R-RAS1 AND R-RAS2 ARE ESSENTIAL FOR THE OLIGODENDROCYTE-AXON INTERACTION

Axonal myelination is an essential process for the rapid, efficient, and coordinated transmission of nerve impulses. In the Central Nervous System, oligodendrocytes are responsible for generating the myelin sheaths that envelop axons through a process tightly regulated by adhesion proteins and a dynamic cytoskeleton. Although it has been established that β1 integrin is critical for myelination, the molecular mechanisms regulating its activation during the oligodendrocyte-axon interaction remain unresolved. Previous work from our laboratory had demonstrated that the GTPases R-Ras1 and R-Ras2 are essential for oligodendrocyte survival and maturation. In this study, we report that R-Ras1 and R-Ras2 act as regulators of β1integrin activity during oligodendrocyte maturation and myelination.

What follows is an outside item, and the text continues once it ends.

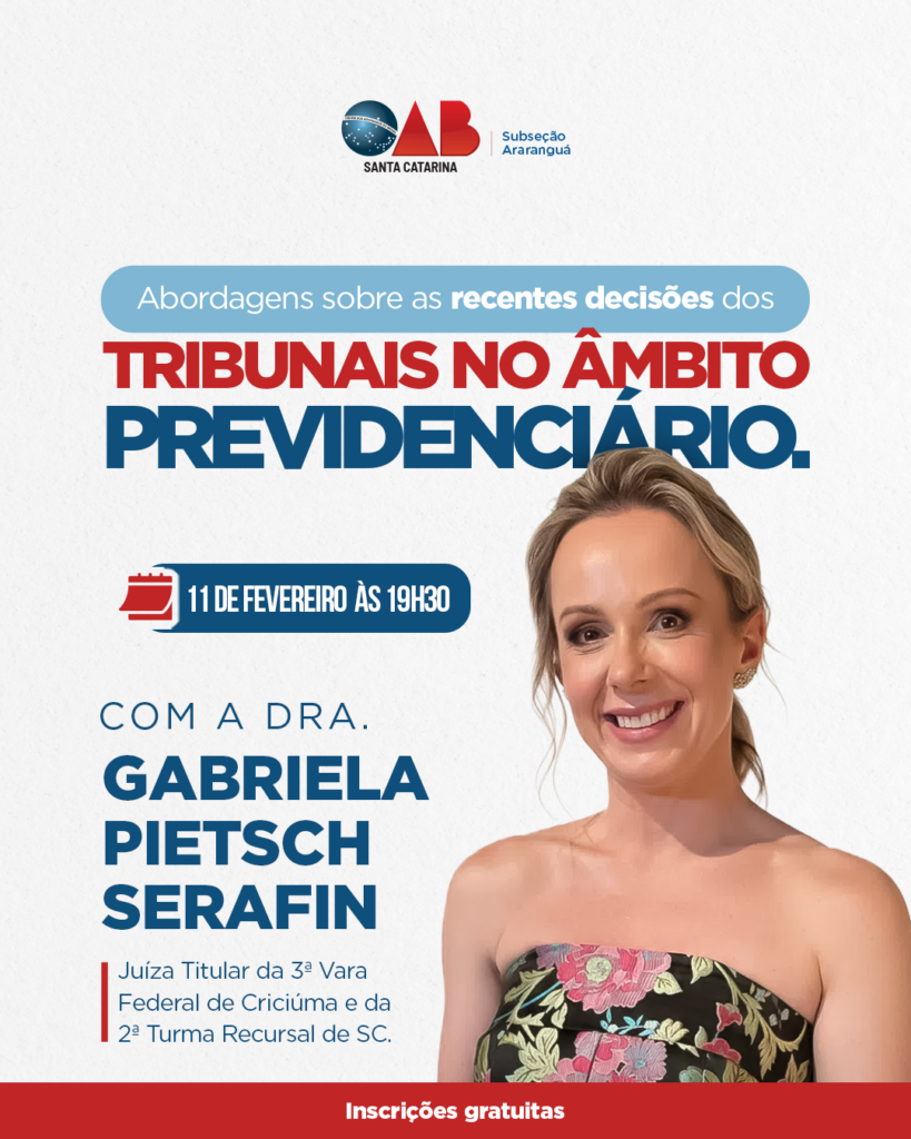 A Subseção de Araranguá da OAB/SC convida toda a advocacia...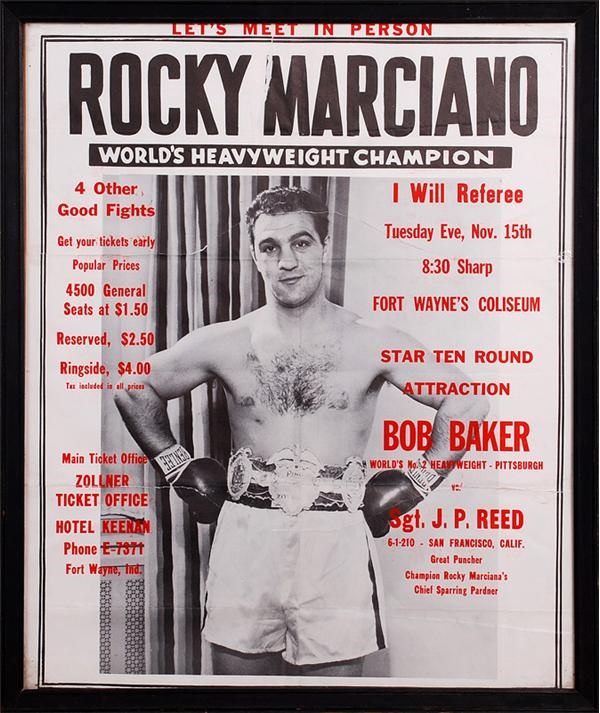 Rocky Marciano stares out from this vintage fight poster and invites the reader, "Let's meet in person". The boxing heavyweight champ was promoting a bout, that he would referee, between his sparring "pardner" JP Reed and Bob Baker in Fort Wayne, Indiana. The framed poster measures 18"x 21" and appears in G/VG condition. The original folds are visible and there are three major tears that have been repaired. Regardless, the poster looks great mounted behind the glass, safe from any further damage. The graphics are crisp and the photo of Marciano, with a crooked not-quite smile, is priceless.

Through protein interaction studies, we found that R-Ras1 and R-Ras2 associate with β1 integrin in oligodendrocytes and that their absence leads to a significant reduction in β1 integrin activity and defects in the actin cytoskeleton reorganisation necessary for axonal sheathing. Consistently, ultrastructural analyses revealed that the absence of R-Ras1 and/or R-Ras2 impaired proper axonal ensheathment and resulted in hypomyelination. Our findings establish a new regulatory axis between R-Ras1, R-Ras2, β1 integrin, and the actin cytoskeleton as a fundamental mechanism controlling Central Nervous System myelination.